### What you will do
Would you transcribe the listing that follows, character for character, and omit its images?

○ ○ ○ ○ ○ ○ ○

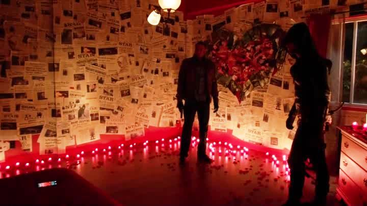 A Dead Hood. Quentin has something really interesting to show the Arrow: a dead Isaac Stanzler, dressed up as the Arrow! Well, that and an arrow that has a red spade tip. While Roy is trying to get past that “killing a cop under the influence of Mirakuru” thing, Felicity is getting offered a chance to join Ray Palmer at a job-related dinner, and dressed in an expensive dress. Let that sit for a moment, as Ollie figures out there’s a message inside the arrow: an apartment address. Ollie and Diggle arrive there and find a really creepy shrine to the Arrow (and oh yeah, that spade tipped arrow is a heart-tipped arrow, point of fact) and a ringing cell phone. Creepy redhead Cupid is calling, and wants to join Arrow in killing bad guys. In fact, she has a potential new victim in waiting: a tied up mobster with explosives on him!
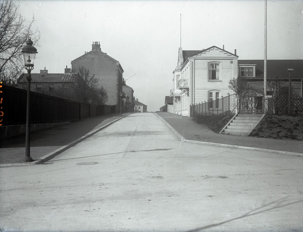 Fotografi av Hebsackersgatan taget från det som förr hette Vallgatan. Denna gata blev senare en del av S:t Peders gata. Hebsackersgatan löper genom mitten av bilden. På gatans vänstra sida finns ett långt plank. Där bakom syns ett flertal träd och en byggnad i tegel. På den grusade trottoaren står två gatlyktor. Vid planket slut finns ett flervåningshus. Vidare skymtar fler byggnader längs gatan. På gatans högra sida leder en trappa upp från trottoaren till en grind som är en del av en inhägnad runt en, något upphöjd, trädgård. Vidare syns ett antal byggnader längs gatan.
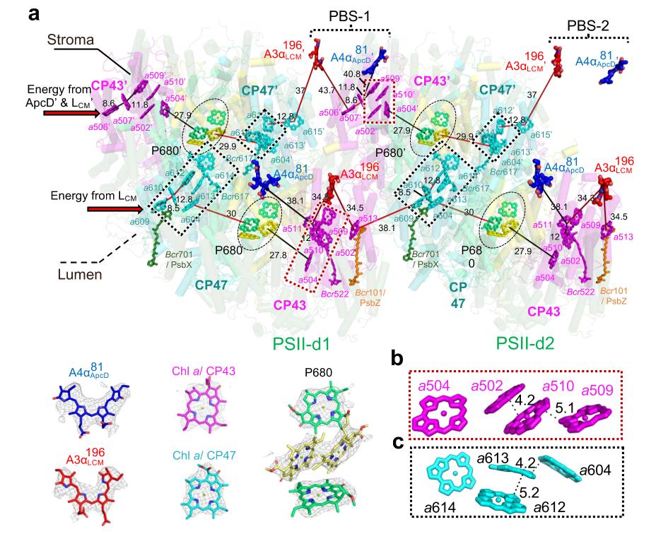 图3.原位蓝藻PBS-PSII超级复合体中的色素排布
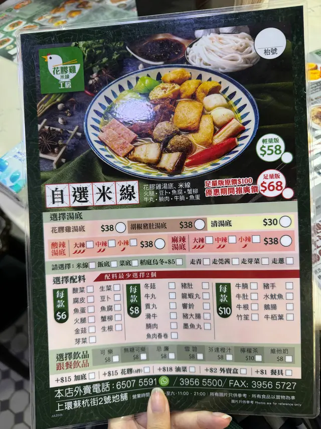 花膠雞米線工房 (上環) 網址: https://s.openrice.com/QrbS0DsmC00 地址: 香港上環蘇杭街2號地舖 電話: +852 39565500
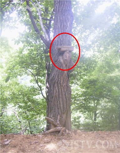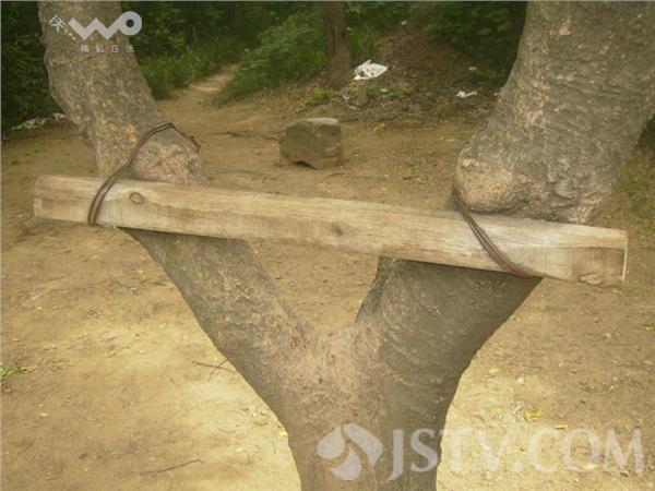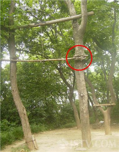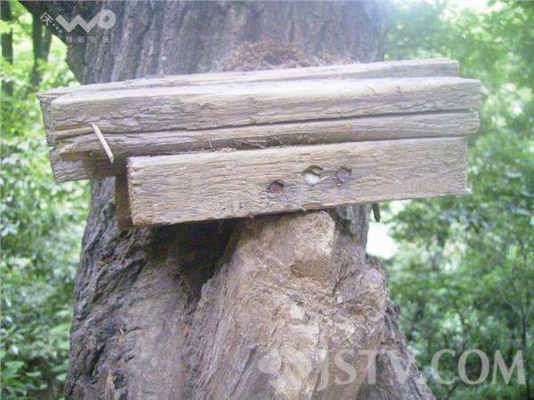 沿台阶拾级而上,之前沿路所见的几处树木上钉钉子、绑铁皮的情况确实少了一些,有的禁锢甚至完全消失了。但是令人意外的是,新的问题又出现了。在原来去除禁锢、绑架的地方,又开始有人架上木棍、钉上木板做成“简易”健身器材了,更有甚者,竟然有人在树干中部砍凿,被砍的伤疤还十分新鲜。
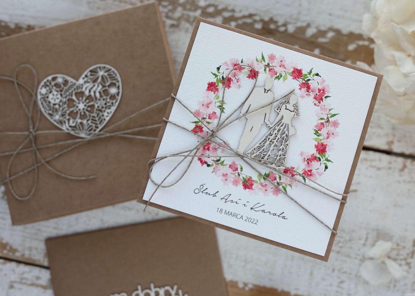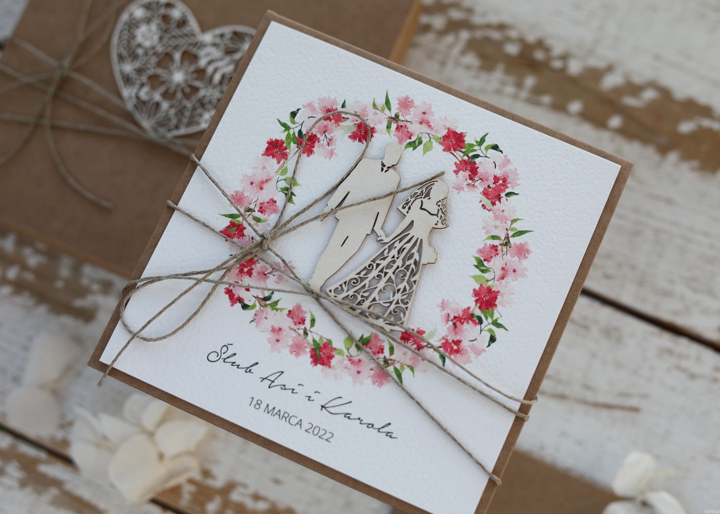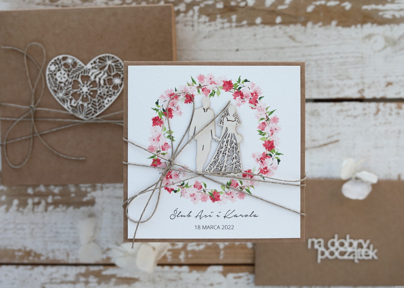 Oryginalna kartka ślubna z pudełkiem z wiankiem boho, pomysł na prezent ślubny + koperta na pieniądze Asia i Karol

○ ○ ○ ○ ○ ○ ○

### Result of this task
 A Dead Hood. Quentin has something really interesting to show the Arrow: a dead Isaac Stanzler, dressed up as the Arrow! Well, that and an arrow that has a red spade tip. While Roy is trying to get past that “killing a cop under the influence of Mirakuru” thing, Felicity is getting offered a chance to join Ray Palmer at a job-related dinner, and dressed in an expensive dress. Let that sit for a moment, as Ollie figures out there’s a message inside the arrow: an apartment address. Ollie and Diggle arrive there and find a really creepy shrine to the Arrow (and oh yeah, that spade tipped arrow is a heart-tipped arrow, point of fact) and a ringing cell phone. Creepy redhead Cupid is calling, and wants to join Arrow in killing bad guys. In fact, she has a potential new victim in waiting: a tied up mobster with explosives on him!
 Fotografi av Hebsackersgatan taget från det som förr hette Vallgatan. Denna gata blev senare en del av S:t Peders gata. Hebsackersgatan löper genom mitten av bilden. På gatans vänstra sida finns ett långt plank. Där bakom syns ett flertal träd och en byggnad i tegel. På den grusade trottoaren står två gatlyktor. Vid planket slut finns ett flervåningshus. Vidare skymtar fler byggnader längs gatan. På gatans högra sida leder en trappa upp från trottoaren till en grind som är en del av en inhägnad runt en, något upphöjd, trädgård. Vidare syns ett antal byggnader längs gatan.
 图3.原位蓝藻PBS-PSII超级复合体中的色素排布
 花膠雞米線工房 (上環) 網址: https://s.openrice.com/QrbS0DsmC00 地址: 香港上環蘇杭街2號地舖 電話: +852 39565500
 沿台阶拾级而上,之前沿路所见的几处树木上钉钉子、绑铁皮的情况确实少了一些,有的禁锢甚至完全消失了。但是令人意外的是,新的问题又出现了。在原来去除禁锢、绑架的地方,又开始有人架上木棍、钉上木板做成“简易”健身器材了,更有甚者,竟然有人在树干中部砍凿,被砍的伤疤还十分新鲜。
 Oryginalna kartka ślubna z pudełkiem z wiankiem boho, pomysł na prezent ślubny + koperta na pieniądze Asia i Karol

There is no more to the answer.